I have been in conversation with that Dave Cormier, I found myself on a recent walk out in the countryside near where I live looking around and saying to myself “that’s a rhizome, and that’s a rhizome, and that’s a rhizome…” But also I have been working with colleagues around thinking about education visions (yes plural) for 10 years hence. And in conversation with Cormier you will be unsurprised to read that one of the principles we thought about, that should be at the heart of a vision, is:

The value in education comes through engagement and experience. Content loses its primary place of importance in an age of information abundance; learning is a collaborative and social endeavour.

Peter Bryant flagged an article for me this week in Educause Review. It looks at online learning and where we are now.

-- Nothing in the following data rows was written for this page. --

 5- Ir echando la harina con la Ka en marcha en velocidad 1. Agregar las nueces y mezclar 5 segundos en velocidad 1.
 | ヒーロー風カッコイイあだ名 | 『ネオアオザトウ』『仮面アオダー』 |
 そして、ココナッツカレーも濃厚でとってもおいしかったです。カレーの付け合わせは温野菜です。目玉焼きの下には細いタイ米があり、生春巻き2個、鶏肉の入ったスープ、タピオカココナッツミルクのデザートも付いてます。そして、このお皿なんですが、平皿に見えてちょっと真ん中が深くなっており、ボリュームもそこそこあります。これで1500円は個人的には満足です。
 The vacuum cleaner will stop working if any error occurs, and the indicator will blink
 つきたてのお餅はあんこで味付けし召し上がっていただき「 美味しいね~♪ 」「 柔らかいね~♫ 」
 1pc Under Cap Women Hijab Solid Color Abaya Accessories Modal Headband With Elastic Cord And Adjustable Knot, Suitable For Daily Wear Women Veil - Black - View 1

There is an excellent quote in there that spoke to my own feelings around people who keep referring to “Our online pivot”.

The authors contrast “emergency remote teaching (ERT)” (our current provision) with     experiences that are planned from the beginning and designed to be online. They point out right now the purpose is not to “re-create a robust educational ecosystem but rather to provide temporary access to instruction and instructional supports” in a time of crisis. And they argue that this is essential, so that we can divorce what is happening now from “online learning”.

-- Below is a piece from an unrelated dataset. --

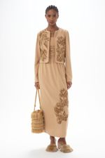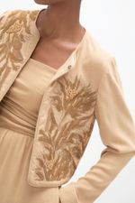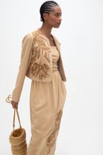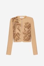 O casaqueto Nirvana CRIS BARROS é um statement, único e elegante. De Jacarta, traz bordado exclusivo desenvolvido em nosso atelier, que tem em seu tramado, mix de linho encorpado e viscose, extraído de fibras de madeira de reflorestamento e tem uso consciente de água na sua fabricação, garantindo um ciclo de reaproveitamento responsável. É o equilíbrio perfeito entre frescor e conforto. Possui shape justo, mangas longas com ombreiras, comprimento cropped, decorado com viés sur ton na volta toda e fechamento por ganchos.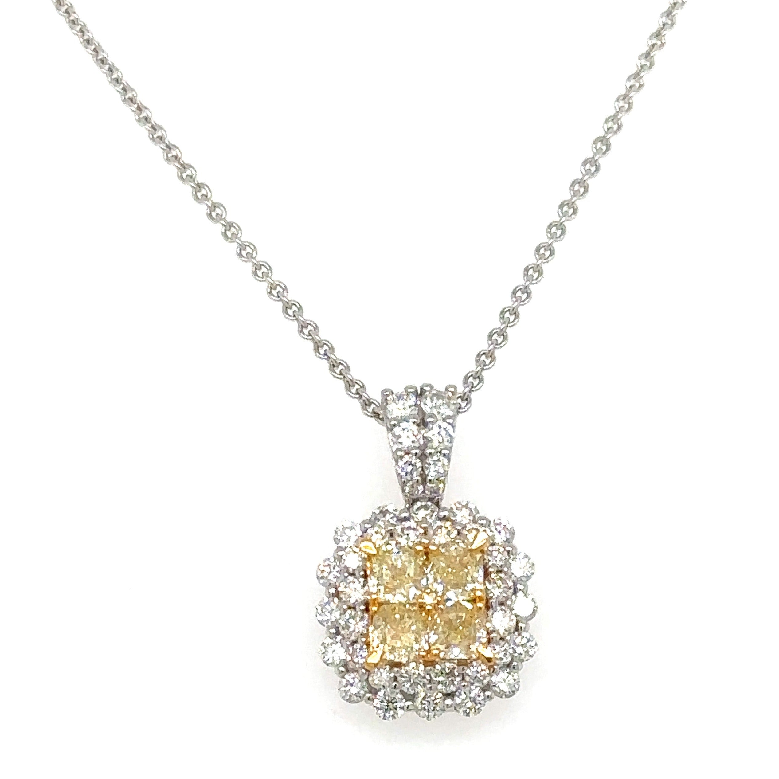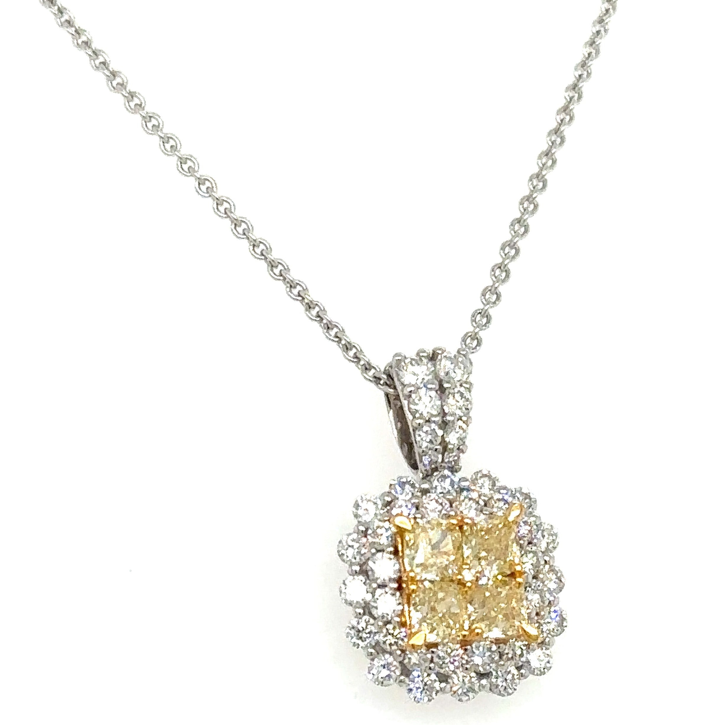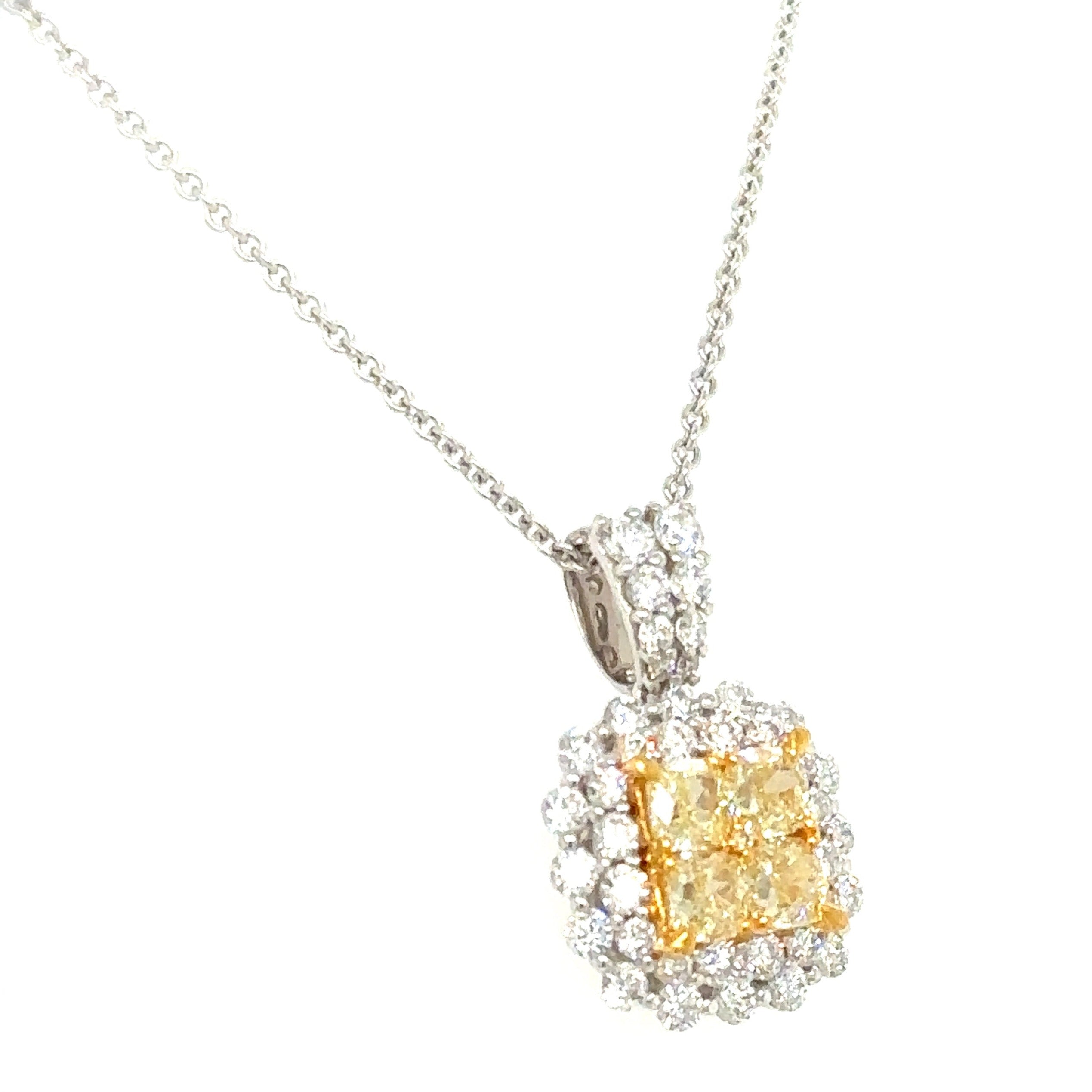 Introducing the perfect expression of your vibrant personality: A 1.47ct tw canary fancy yellow diamond pendant necklace. Delicate and intricate, this stunning double halo pendant will be a show-stopper, and bring a bright spot to your day. Get ready to dazzle!

We have stories of many students without their own laptops, of shared devices, of having no wifi, and many other access issues. There is a large cohort of students out there who, no matter what “Pivot Rhetoric” you are pushing, can not engage in their education. And I will do harm to the next learning tech who tells me that their students can access Moodle on a phone. In fact if that is an answer, then you should be made to do your whole job on a phone for a year and see how it feels.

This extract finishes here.